Directions:
Word for word, transcribe the listing that follows, minus any pictures.

Dataset section:
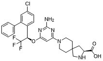 C1CN(CCC12C[C@H](NC2)C(=O)O)C3=CC(=NC(=N3)N)O[C@H](C4=C(C=C(C=C4)Cl)C5=CC=CC=C5)C(F)(F)F
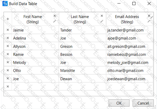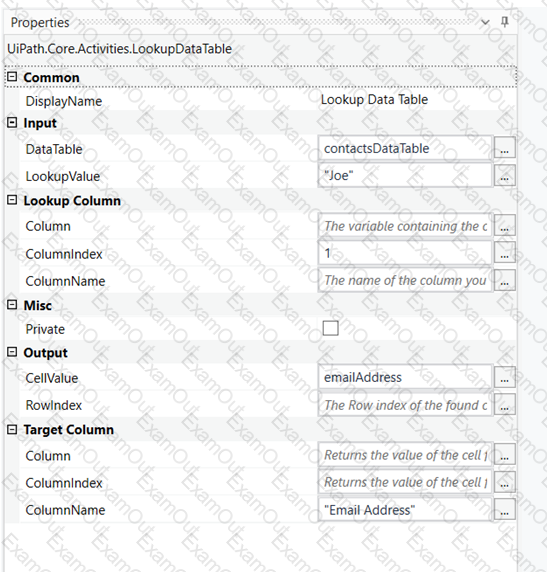 A developer uses a Lookup Data Table activity to return an email address of a person. What will be the result of the execution of the following seqeunce?
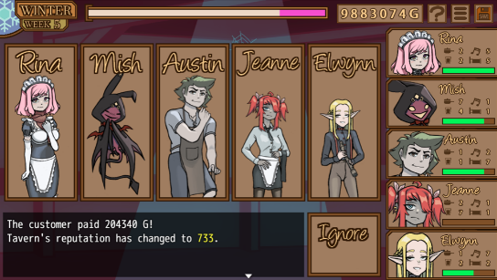 The actual management phase is as easy as clicking a button on the nice UI and praying to RNG. That is, an event occurs, such as a customer ready to order or a local crisis occurring. If it's a customer, figure out what they want by reading the text. Or bandits attack. Whatever the case, click on a worker to have them deal with the event (the game waits for a decision, which is nice), and they'll deal with it and expend some health. The patron pays up and the tavern reputation (which I assume is a multiplier for payouts) is recalculated based on the character’s skill level for that type of event.

Solution for this exercise:
 C1CN(CCC12C[C@H](NC2)C(=O)O)C3=CC(=NC(=N3)N)O[C@H](C4=C(C=C(C=C4)Cl)C5=CC=CC=C5)C(F)(F)F
 A developer uses a Lookup Data Table activity to return an email address of a person. What will be the result of the execution of the following seqeunce?
 The actual management phase is as easy as clicking a button on the nice UI and praying to RNG. That is, an event occurs, such as a customer ready to order or a local crisis occurring. If it's a customer, figure out what they want by reading the text. Or bandits attack. Whatever the case, click on a worker to have them deal with the event (the game waits for a decision, which is nice), and they'll deal with it and expend some health. The patron pays up and the tavern reputation (which I assume is a multiplier for payouts) is recalculated based on the character’s skill level for that type of event.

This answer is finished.